Overall of the top 50 non-NFL and Olympics sporting events, here's the breakdown (with the most watched in parenthesis):

College football — 17 (2015 THE Ohio State-Oregon)

NBA — 11 (2016 Cavs-Warriors)

MLB — 9 (2016 Cubs-Indians)

College hoops — 7 (2015 Duke-Wisconsin)

Soccer — 5 (2015 Women's World Cup Final, U.S. vs. Japan)

Horse Racing — 1 (2014 Belmont)

 

Bowl picks

Wow, those first two got long, right? Sorry about the ranting. (That said, the food was outstanding.)

Let's offer some more bowl entertainment advice. After the feedback, we're counting the mid-week picks on the ledger. (Hey, entertainment brokers are like serious golfers; they do not allow mulligans.
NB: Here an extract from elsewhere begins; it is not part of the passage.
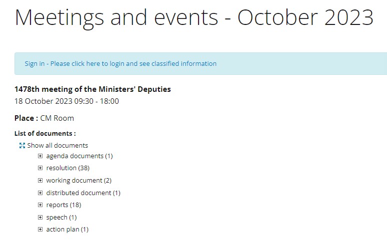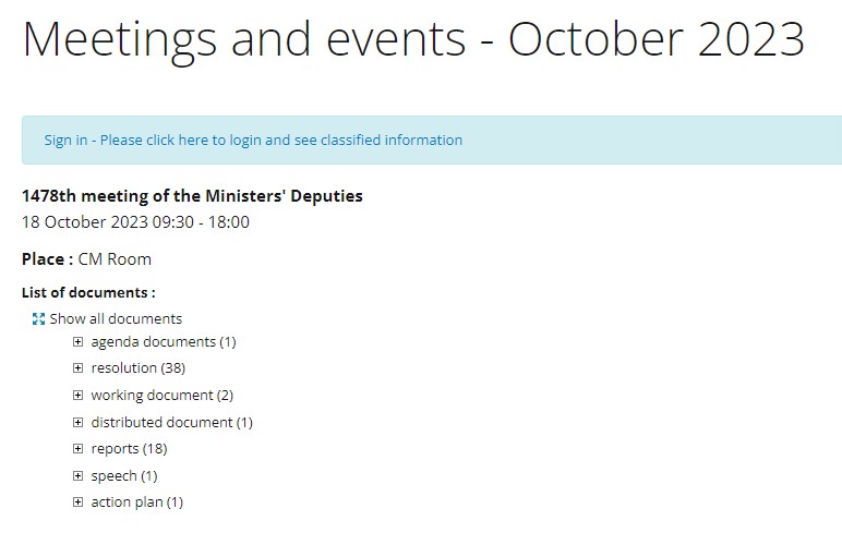 В результате исследования выяснилось, что согласно регламенту время проведения следующего заседания Комитета Министров, документы повестки дня, отчеты и информация о принятых решениях (не менее чем за две недели до дня заседания) размещен на сайте организации. Повестка дня последнего заседания 18 октября была добавлена на сайт 6 октября 2023 года.

Ever.)

So with Auburn's stinker and Michigan forgetting how to convert in the second half we went 3-2 on New Year's Day — hitting Alabama minus-7, Georgia minus-5 and Oregon plus-3, and missing AU as a TD favorite and the over in Michigan-Alabama.

(While we are here, the growing sentiment that Tua will return — with what we can only assume is a Brink's truck full of insurance policies — is awesome news if you are an Alabama fan. Hey, I get wanting to come back. Could you imagine how much fun it would be to be worshiped on a football-crazy campus like these palatial estates across the SEC? It would be awesome. I understand going for the money now too, which is life changing and could be forever altered by an injury — especially for someone like Tua, who is already carrying the "injury-prone" label with him. Know this though: If Tua announces Monday he is coming back, buckets, Bama is going to be loaded. LOAD-did, And Mac Jones will be in the transfer portal by Tuesday.)
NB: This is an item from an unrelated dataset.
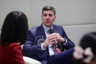 巴拉圭總統當選人潘尼亞(Santiago Peña Palacios)(中)15日下午在台北君悅酒店接受媒體聯訪時表示,對手在競選期間曾表態要與北京當局建交,但勝選的他並不認同,反而認為和台灣維持外交和商業關係,才是正確道路。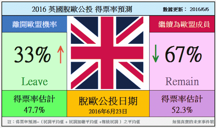 獅哥,有關-英國公投法的實質內容或是實施辦法/歐盟會員國之間當初所定下的去或留協議/國與國之間的歷史恩怨情仇/(如果)脫歐成功之後英國可能會偏向採取什麼模式與歐盟繼續合作/強國之間合縱連橫的政治角力/區域安全的平衡穩定/戰爭爆發的可能性/氣候變可能遷造成人類生存及糧食危機...等等這類的問題.其實可以google一下,或是請教[歸休]版友,他對這方面研究甚深,我個人才疏學淺,對於敘述回答這類問題無法提供很有深度或是精確的答案.向您說聲抱歉.[如果脫歐成功勝出]都需要兩年時間才能算正式脫離,加上脫離之後英國到底打算要花幾年時間去適應脫離歐盟後的英國?最後如果適應不良,是否還願意回歐?到時候歐盟遊戲規則有沒有改變?甚至,歐盟是否還存在?這可能都是數年甚至10年以上的問題.這些問題對我來說都有點太長遠了,留給英國人自己去煩惱吧.呵呵

Where were we? Picks. That's right. The 3-2 Wednesday makes us 17-11 against the number, which is 60.7 against the spread in this bowl season.

That's entertaining. (And especially so considering we are 17-7 — 70.8 percent — since that dreadful 0-4 start to our bowling effort.)

Today, chief among the bowl offerings is the Tennessee Vols in the Gator against Indiana.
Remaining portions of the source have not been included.